Otra vez la mirada del joven buscó la cara de Rubashov con una expresión desamparada y casi tierna; Rubashov tuvo la impresión absurda de que iba a avanzar desde la pared y a besarlo en la frente. Se sonrió con la idea, mientras oía contestar a la agradable voz:

—La hora en que el jefe del Partido fuese destituido de su puesto.

Gletkin, que había observado la sonrisa de Rubashov, dijo secamente:

—Parece que esas reminiscencias lo divierten mucho.

—Quizá —contestó Rubashov, y cerró los ojos otra vez.

Gletkin se arregló los puños de la camisa y siguió interrogando a Labio Leporino:

—De manera que Rubashov habló de la hora en que el jefe del Partido sería depuesto. ¿Cómo se iba a conseguir eso?

—Mi padre consideraba que llegaría un momento en que la copa rebosaría, y entonces el Partido lo obligaría a dimitir o lo depondría; y que además la oposición debía propagar esa solución.

—¿Y Rubashov?

—Rubashov se reía de lo que decía mi padre, repitiendo que era un tonto y un Quijote.
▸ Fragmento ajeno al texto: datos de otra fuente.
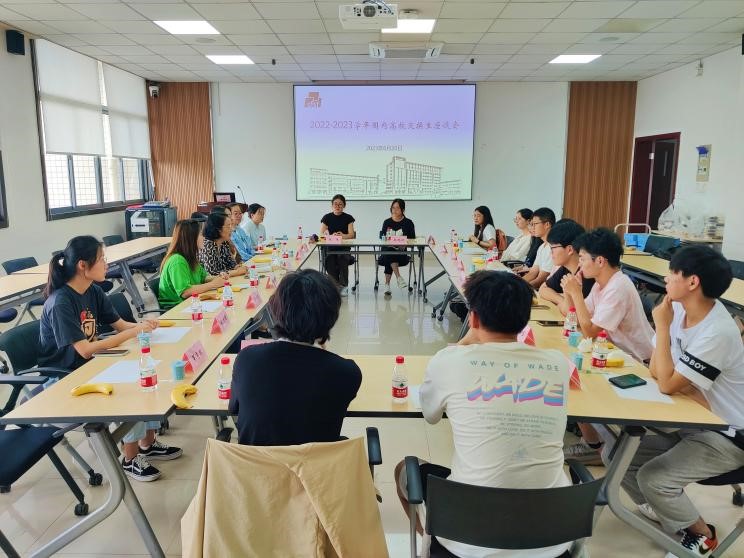 2022-2023学年国内高校交换生欢送会在D916会议室顺利举行。学院党委书记傅莉莉、分团委副书记李琳、2021级本科生辅导员曹敏,以及来自国内两所高校的15名交换生出席活动。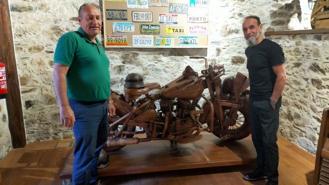 En la exposición podemos encontrar una colección de motos de madera, mimbre y cuerda a tamaño real. Esta colección única fraguada a lo largo de los años, está compuesta por motos de distintos estilos (Custom, choper, carretera…), procedentes de distintos puntos de España y del extranjero. Entre estas piezas podemos encontrar la réplica exacta en madera de teca de una moto Harley-Davidson de la década de los 40, utilizada por el ejército de Estados Unidos en la II Guerra Mundial. La exposición cuenta también con obras con la esencia Recicler, construidas a partir de materiales reciclados que nada tienen que ver con la pieza que forman finalmente, como puede ser una gran tortuga elaborada a partir de piñones, un tubo de escape, trapecios de coche y rejas de labranza.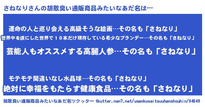 | 意味不明あだ名 | 『自称さねなり』『さねなりフォーエバー』 |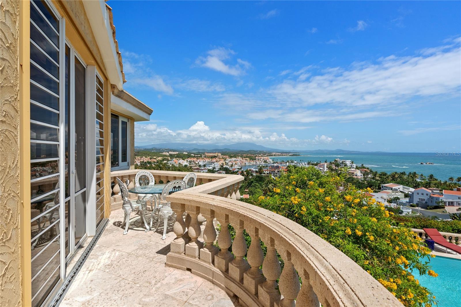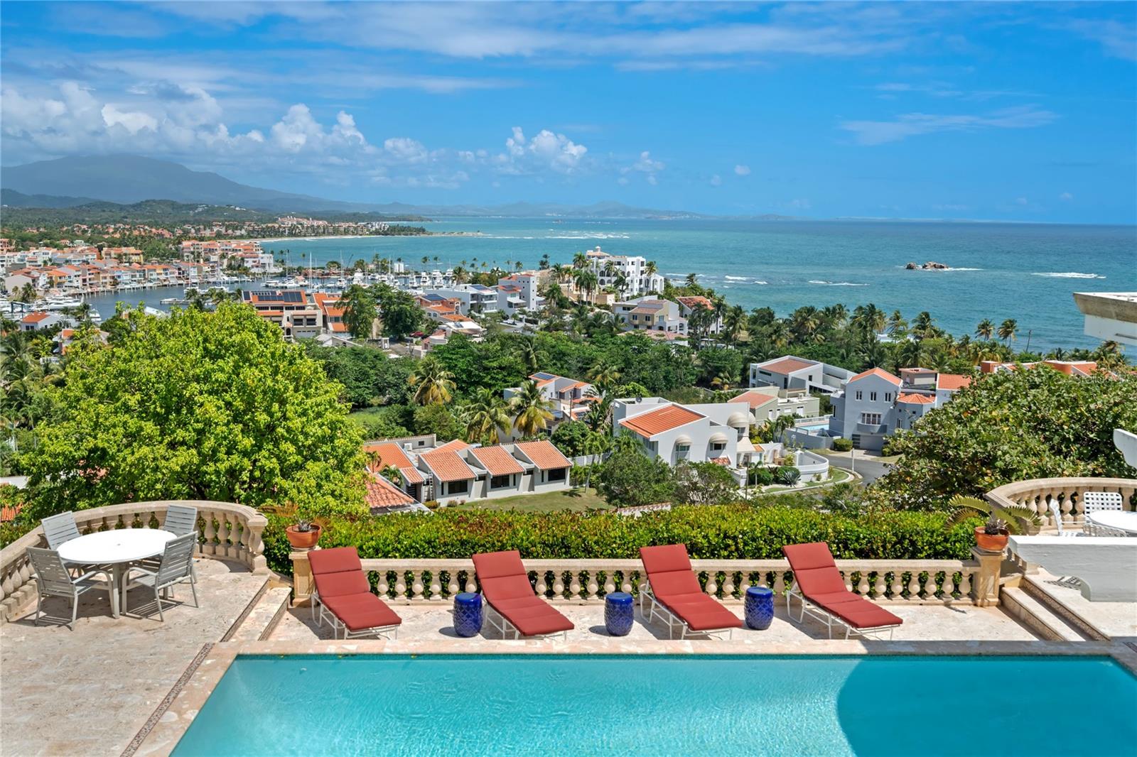 Situada no topo da paisagem exuberante e vibrante de Palmas del Mar, esta propriedade distinta se destaca em uma categoria à parte, ocupando uma localização extremamente privilegiada que oferece vistas deslumbrantes do oceano cristalino, das montanhas majestosas e do extenso resort abaixo. Projetada como um cenário idílico tanto para grandes reuniões festivas quanto para uma vida tranquila de retiro, a arquitetura da propriedade abraça magistralmente a beleza natural circundante através do uso de janelas grandes, amplos terraços, pátios ajardinados meticulosamente paisagísticos e um encantador pátio central. Ao entrar, os hóspedes são recebidos por um cativante jardim ao ar livre, dando o tom para o interior requintado que se encontra no seu interior. O interior é uma vitrine de luxo, com piso de mármore rico que brilha sob a luz, tetos embutidos decorativos de design complexo e detalhes em madeira polida que adicionam calor e elegância aos espaços de convivência. Estas áreas interiores foram concebidas para se integrarem perfeitamente com o exterior, garantindo que a beleza do cenário natural da propriedade está sempre à vista. A suíte master serve como um santuário de máximo conforto e luxo, oferecendo um banheiro privativo equipado com um revigorante chuveiro externo e uma relaxante jacuzzi, personificando o auge da vida opulenta. Esta propriedade abriga cinco quartos adicionais, cada um com seu design único e vistas panorâmicas da vibrante paisagem ao ar livre, proporcionando aos hóspedes retiros privados. Aventuras culinárias aguardam na cozinha de última geração, que possui ilhas duplas, armários personalizados e janelas estrategicamente posicionadas que emolduram as deslumbrantes vistas do oceano, inspirando chefs e anfitriões divertidos. A sala de jantar adjacente à cozinha foi projetada para receber jantares luxuosos, enquanto a variedade de ambientes externos da propriedade oferece espaços íntimos e versáteis para entretenimento, incluindo uma área ao lado da piscina com uma cozinha ao ar livre que permite aos hóspedes jantar ao ar livre enquanto aproveitam o exuberante resort. atmosfera. O design de inspiração mediterrânica da propriedade, caracterizado pelas suas majestosas colunas e balaustradas tendo como pano de fundo as cores vibrantes do jardim, cria um ambiente sereno mas elegante, convidando ao relaxamento e à diversão. Com generosos 6.370 pés quadrados de área útil e estacionamento coberto, esta propriedade dá acesso às comodidades luxuosas de Palmas del Mar, incluindo um centro de tênis, centro equestre, opções de ensino particular, dois campos de golfe profissionais, dezesseis restaurantes e cafés, e o marina e iate clube exclusivos, colocando-o como uma joia rara na costa leste de Porto Rico. Esta propriedade tem um significado histórico, pois foi originalmente construída por Charles Fraser, o mestre desenvolvedor original de Palmas del Mar. Entre os muitos locais disponíveis, Fraser escolheu este local excepcional para sua residência pessoal, marcando-o como um local de valor e beleza incomparáveis. Fraser, conhecido por desenvolver destinos icônicos como Kiawah Island, Sea Pines e Amelia Island, imbuiu esta propriedade com um legado de luxo e harmonia com a natureza. Como tal, esta propriedade não oferece apenas um espaço habitacional, mas apresenta uma oportunidade única de possuir um pedaço de história, oferecendo um estilo de vida incomparável num dos locais mais desejáveis de Porto Rico.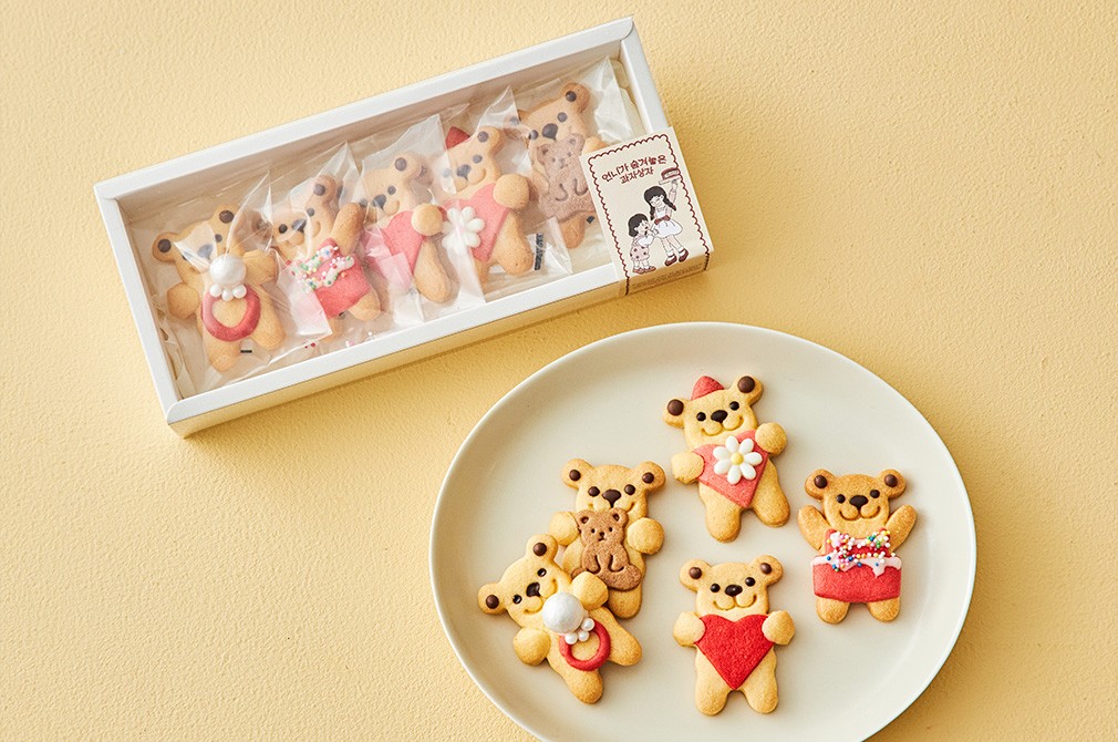 귀엽고 깜찍한 과자로 사랑받는 과자점,언니가 숨겨놓은 과자상자의 러브베어 쿠키세트를 만나보세요. 프랑스산 밀가루에 아몬드 가루,무염버터 등을 섞어 고소한 맛을 살렸어요. 반지,꽃,인형,케이크 등 각양각색의 오브제를 들고 있는 곰돌이가 눈길을 사로잡죠. 개별 포장하여 박스에 담아 보내드리니,소풍용 간식이나 센스 있는 선물로 추천할게요.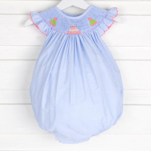Birthday Smocked Blue Gingham Bubble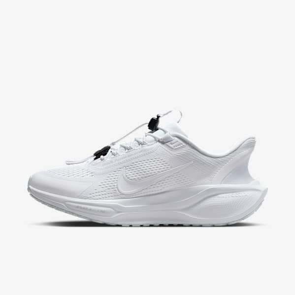 Una buena innovación simplifica lo complejo. El Nike Go FlyEase funciona porque la banda tensora y la articulación de doble estabilidad mantienen el calzado en una posición abierta y firme. Desliza la parte móvil para fijar la posición de bloqueo y vuelve a subir pisando el "soporte" del talón.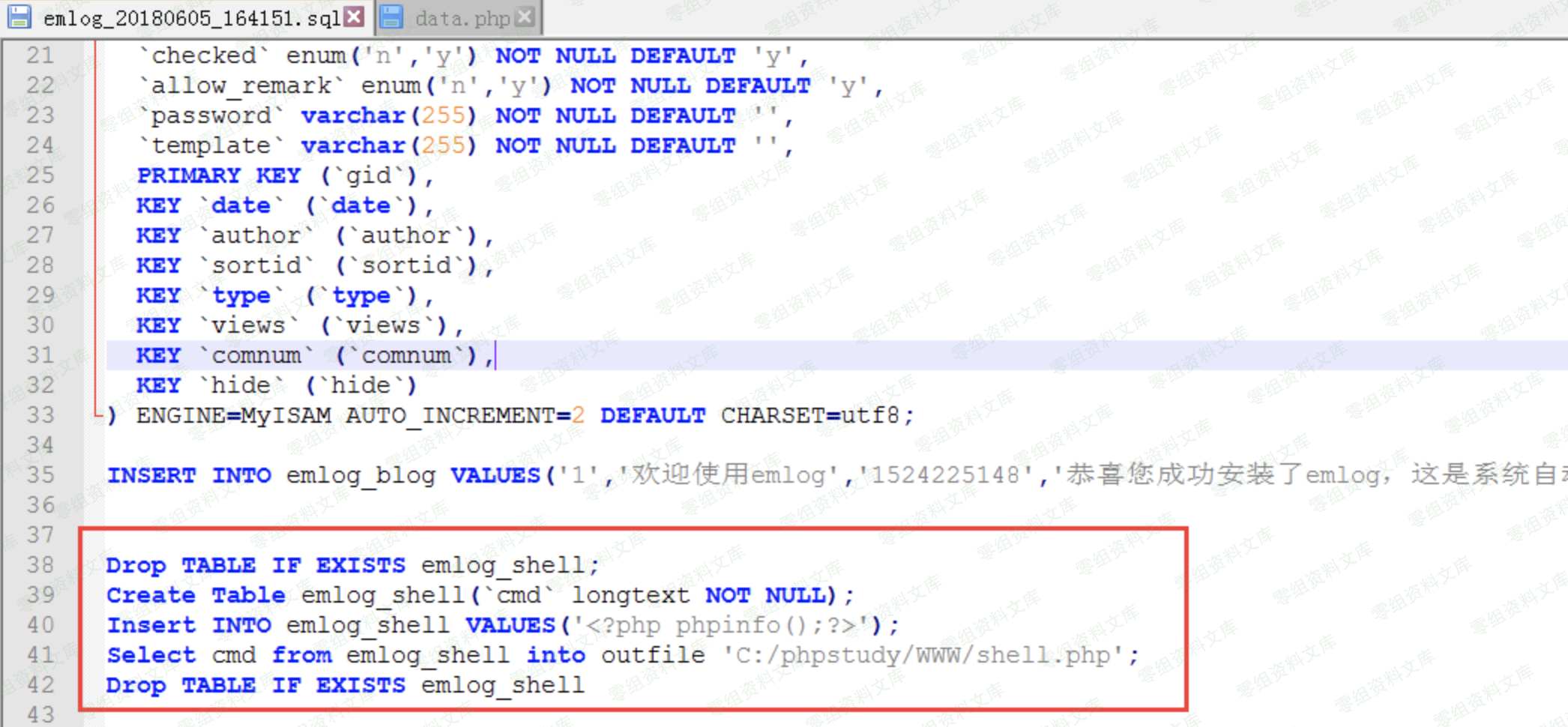 Emlog<=6.0 ### 三、复现过程 备份数据库到本地:  修改数据库文件,将备份的数据库文件进行修改,在最后一段添加上自己构造的SQL语句:  这一段sql语句主要功能是:首先判断是否存在emlog_shell数据表,如果存在则删除该表,之后创建一个新的emlog数据表,之后再向该表中添加信息(这里可以填入一句话木马),之后使用s`elect..... into outfile ....`将数据表中的表项内容读入到一个shell.php的PHP文件汇总,之后再删除该数据表! 导入数据库:  之后访问之: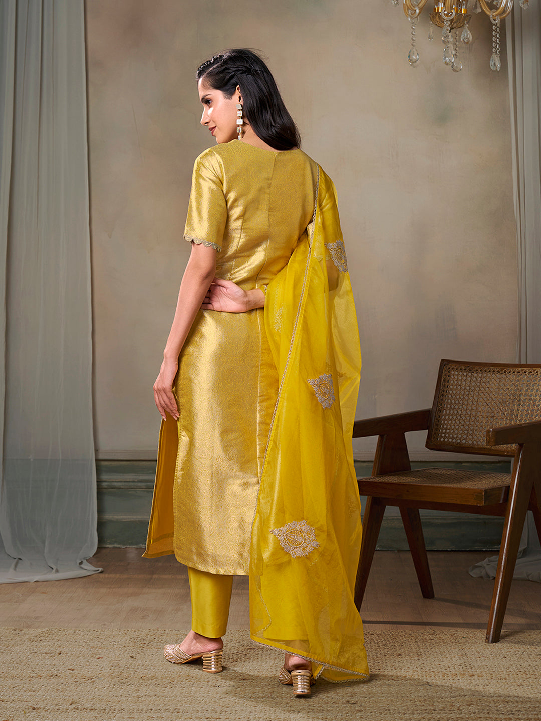 This mustard yellow kurta set features a beautiful paisley woven design, crafted from high-quality silk blend fabric. The kurta has a regular straight shape with a round neck and short sleeves, while the trousers are solid and partially elasticated for a comfortable fit. The set also includes a dupatta for a complete traditional look.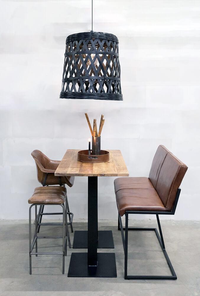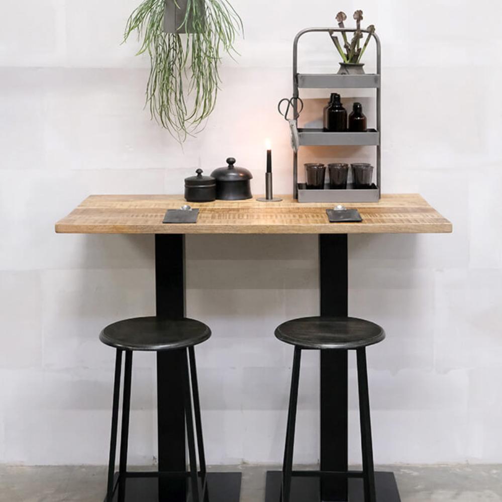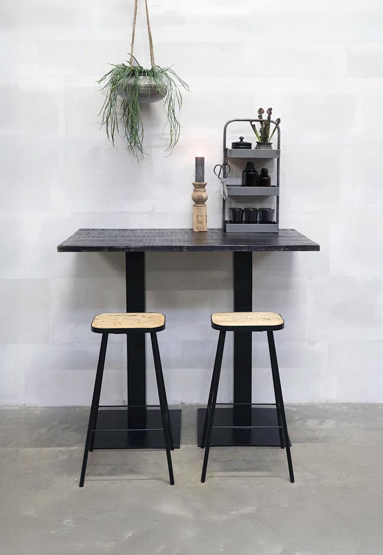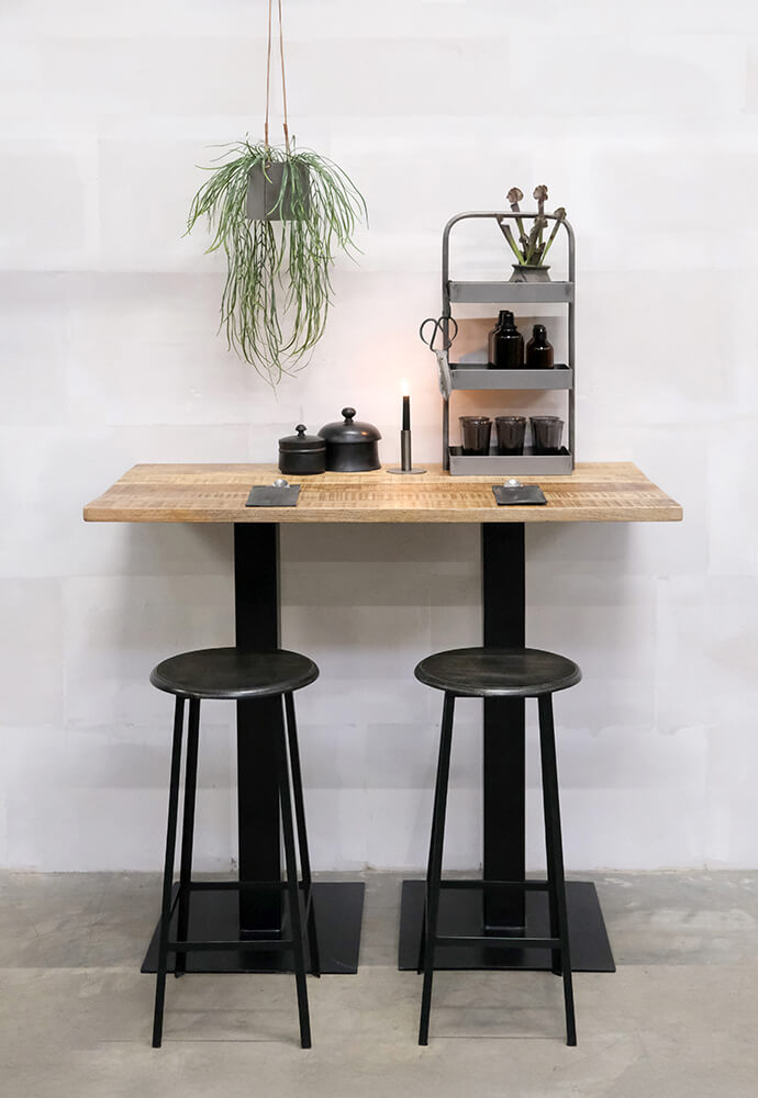 Get up high with Kafka. This high base in black lacquered iron offers endless possibilities. Add a tabletop and use it for standing gatherings or pair it with high barstools for a cozy time. This base fits almost all our raw tabletops available here in the shop (60x70, 70x70, 60x60, Ø60, Ø70, and Ø80). For larger tabletops 2 bases are required. Consider adding a couple of our stylish barstools for a complete look. Diameter base 50 cm. / top 25 cm.

Después afirmó que el Número Uno no era un fenómeno accidental, sino la personificación de una cierta característica humana, a saber, de una absoluta creencia en la infalibilidad de las propias convicciones, de la cual sacaba la fuerza para su completa ausencia de escrúpulos. Por consiguiente, el Número Uno nunca abandonaría el poder por su propia y libre voluntad, y tendría que ser suprimido por la violencia. No se podía esperar nada de las resoluciones del Partido, porque el Número Uno tenía todos los hilos en la mano y había hecho su cómplice a la burocracia del Partido, de modo que tuviese que caer con él; y la burocracia lo sabía. A pesar de su somnolencia, a Rubashov le chocó que el joven hubiera retenido sus palabras con tal exactitud. Él mismo no recordaba los detalles de la conversación, aunque no cabía duda de que Labio Leporino lo hacía con fidelidad. Empezó a observar al joven Kieffer a través de sus lentes con renovado interés.

La voz de Gletkin resonó de nuevo:

—¿De modo que Rubashov hizo hincapié en la necesidad de usar la violencia contra el Número Uno, es decir contra el jefe del Partido?

Labio Leporino asintió.

—¿Y sus argumentos, ayudado por un liberal consumo de bebidas alcohólicas, hicieron una fuerte impresión sobre usted?

El joven Kieffer no contestó en seguida. Luego dijo con la voz ligeramente cambiada:

—Yo no bebí prácticamente nada, pero todo lo que dijo me impresionó profundamente.

Rubashov inclinó la cabeza, agobiado por una sospecha que le afectaba casi como un dolor físico y le hacía olvidar todo lo demás. ¿Sería posible que este desgraciado joven hubiese sacado en realidad conclusiones particulares de la línea de pensamientos de Rubashov? ¿Y que ahora estuviese delante de él, en la luz cegadora del reflector, como una consecuencia encarnada de su lógica?